Читаем Vicious Circle полностью

“She’s in love with you,” I told her.

“What?”

“Well, in lust, I mean. She’s got a bad dose of that stuff you dish out, anyway, and being as how she’s both devout and straight she doesn’t have any idea how to handle it. You mean to say you didn’t notice how she looks at you?”

“I tune that information out,” Juliet said, but she looked a little disconcerted. “You’re not asking me to feel—whatever it’s called—guilt about this, are you?”

“No.” It was my turn to be impatient. “But think about it. She might not have gotten herself into this if she hadn’t been wandering around in a moon-eyed daydream thinking improper thoughts about you. I just didn’t feel happy about leaving her in there.”

“Her emotions are no business of yours—or of mine.”

“Fine. I’m not asking you to feel guilty. I’m just saying that I feel a little bit responsible for her myself.”

Juliet didn’t say anything to this, which was a pretty fair indication that I’d given her some food for thought. She’s taking this business of trying to be human very seriously. She still finds an awful lot of it completely unfathomable, but she is keen to get the details right and she does have the whole of eternity to work in.

“Look,” I said, “I’ve got an idea that might get the both of us what we want. Let me show you something.”

I stepped past her, pulled the door open, and went back out into the corridor. She followed me as I retraced my steps to the warehouse, and I showed her the open elevator shaft.

“No use to me,” I said. “But I thought maybe you could . . .”

“Yes,” said Juliet. “I could. But why should I?”

“You want to look for your demon, and you don’t want to be watching your back all the time in case these nutcases stick a knife in it—especially not when the siege might turn into a firefight at any moment. So it makes sense if we clean up first and look around afterwards.”

“Just tell me what you want me to do, Castor.”

“You take the high road, and I’ll take the low road. While they’re watching me, you sneak up behind them and take them out with your usual mixture of elegance and brutality. Then we’ll look around and see what we can see.”

I was really impressed with my own performance: my voice didn’t shake in the slightest. You’d have thought I waded into the middle of riots every day of the week—whereas, in fact, since my student days ended I’ve more or less kicked the habit.

I’d expected more opposition from Juliet, but she made a one-handed gesture that suggested she was sick of the subject. She shucked her coat and let it fall to the ground. Roses opening. “All right,” she said. “I’ll climb the lift shaft. And you’ll—?”

“I’ll use the escalator. I want to stop in at Top Man.”

I walked away before she could change her mind, still trying not to think about roses.

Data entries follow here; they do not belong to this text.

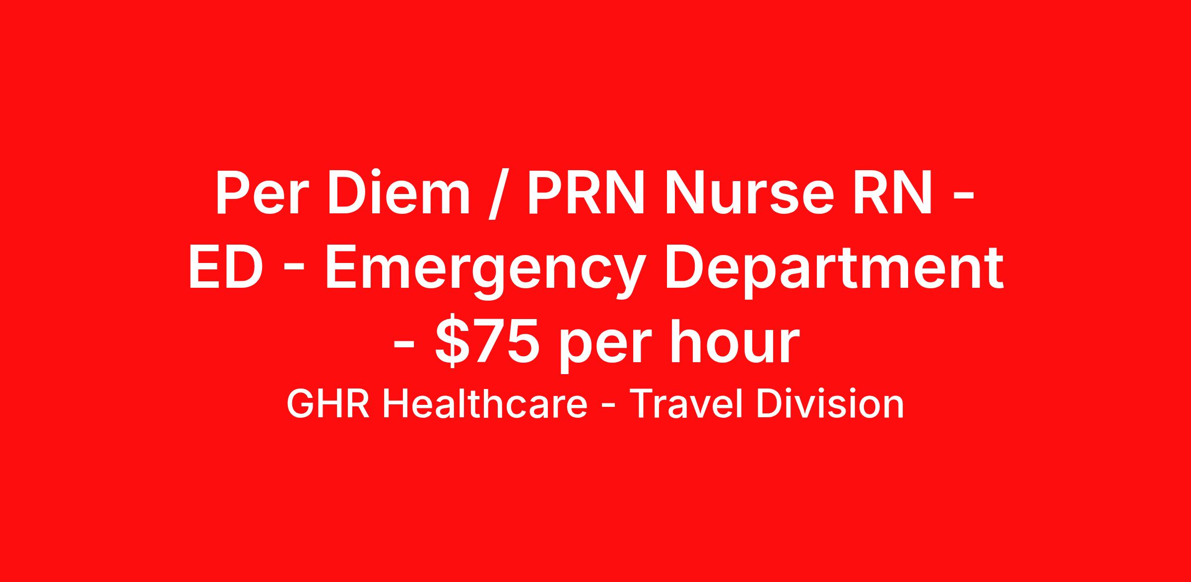 Per Diem / PRN Nurse RN - ED - Emergency Department - $75 per hour
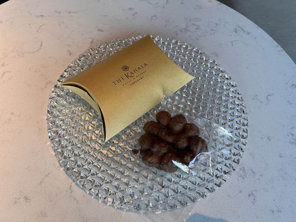 テーブルには、チョコレートにコーディングされたマカダミアナッツ。ハワイ発祥所以のウェルカムフルーツですね。1階にあるブティックでも購入可能で、お土産にもぴったり。
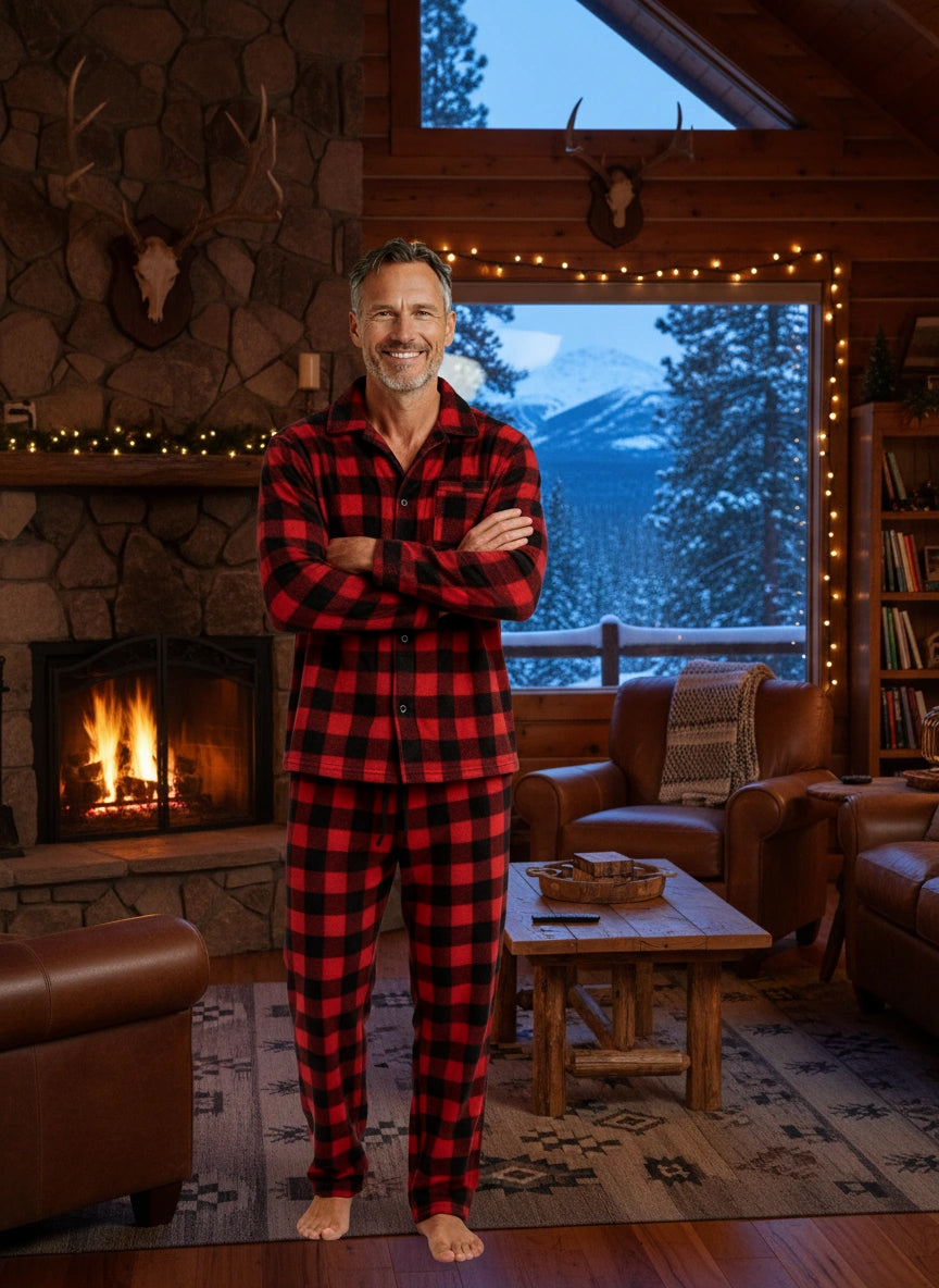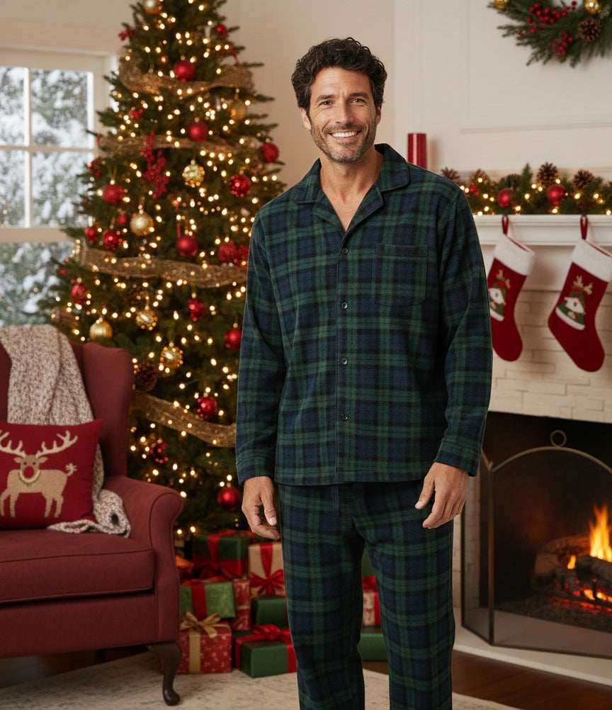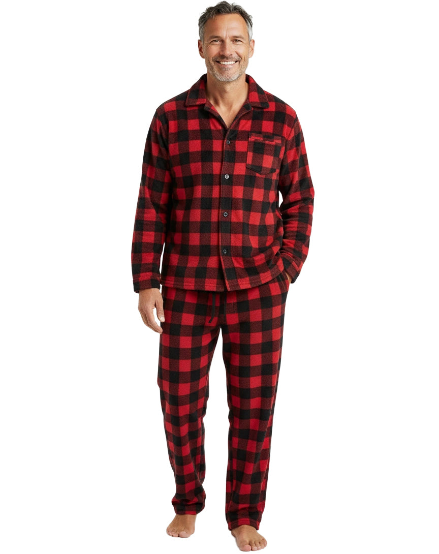 Men's Plush Fleece Pajamas Set, Button Down PJs for Winter
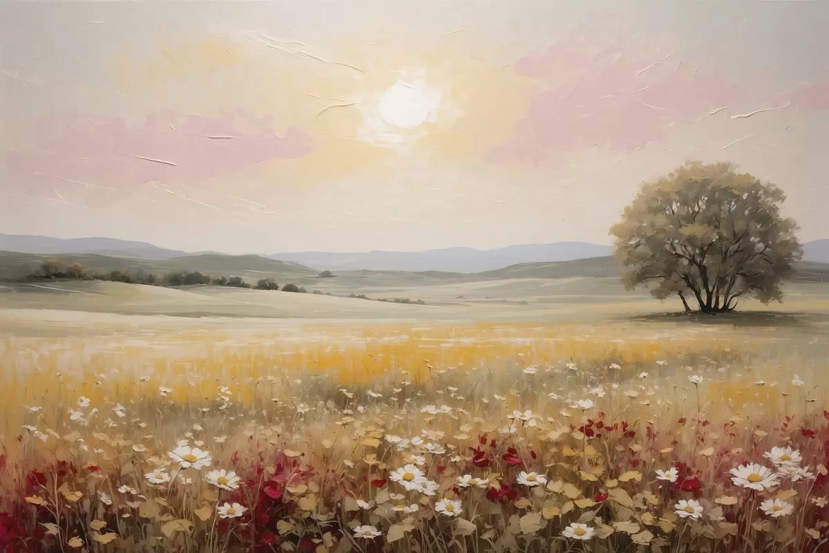 Poster Peisaj cu un câmp de flori și un copac la orizont Nr f48355
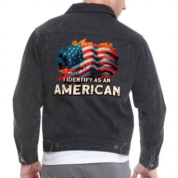 I Identify As American Men’s White Denim Jacket – USA Flag Denim Jacket for Men – Patriotic Denim Jacket
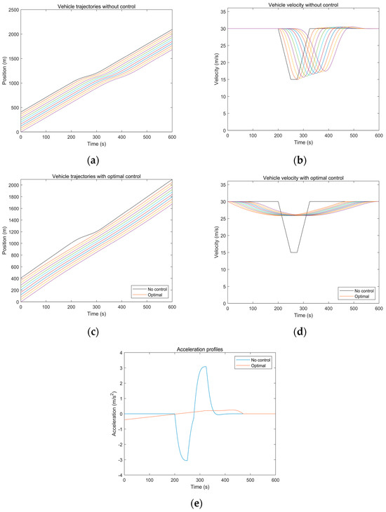 - Roncoli, C.; Papageorgiou, M.; Papamichail, I. Traffic flow optimisation in presence of vehicle automation and communication systems–part II: Optimal control for multi-lane motorways. Transp. Res. Part C Emerg. Technol. 2015, 57, 260–275. [Google Scholar] [CrossRef]

The other end of the corridor opened directly onto the main concourse, which was looking as though a hurricane had hit it while it was pulling itself together after an earthquake. The floor was a carpet of broken glass from storefront windows, in which display dummies lay sprawled like placeholders for the dead. Someone had trodden down hard on the head of one of them, shattering it into powdery shards. For some reason I thought of Abbie’s porcelain doll, and shuddered in a kind of premonitory unease. Dress rails that had been used as battering rams lay half-in and half-out of the window frames they’d shattered, and up against one wall a gutted till leaked copper coins like congealed blood. This didn’t look like looting, though. Not that looters have any higher standards of respect for the retail environment, but the crunching debris under my feet included wristwatches and shiny gold bracelets from a jeweler’s carousel that I’d already had to step over. At some point, the sheer fun of destruction had taken over from any purely mercenary considerations here. That told me a little bit more about what I was dealing with—in fact, at that precise moment, more than I wanted to know.

The escalators were right out in the center of the lower piazza, which meant that as I approached them I had plenty of time to look up at the galleries on the second and third floors. The second floor seemed to be deserted, but up on the top level three men were struggling with a fourth in what I took at first to be a good-natured scrum. Then I realized that I’d misread the situation: it only seemed friendly because three of the men were laughing. The fourth wasn’t making any sound at all, because they’d gagged him before slipping the noose around his neck. Now they were tying the other end of the rope around the railings; it wasn’t hard to guess what the next item on the agenda was.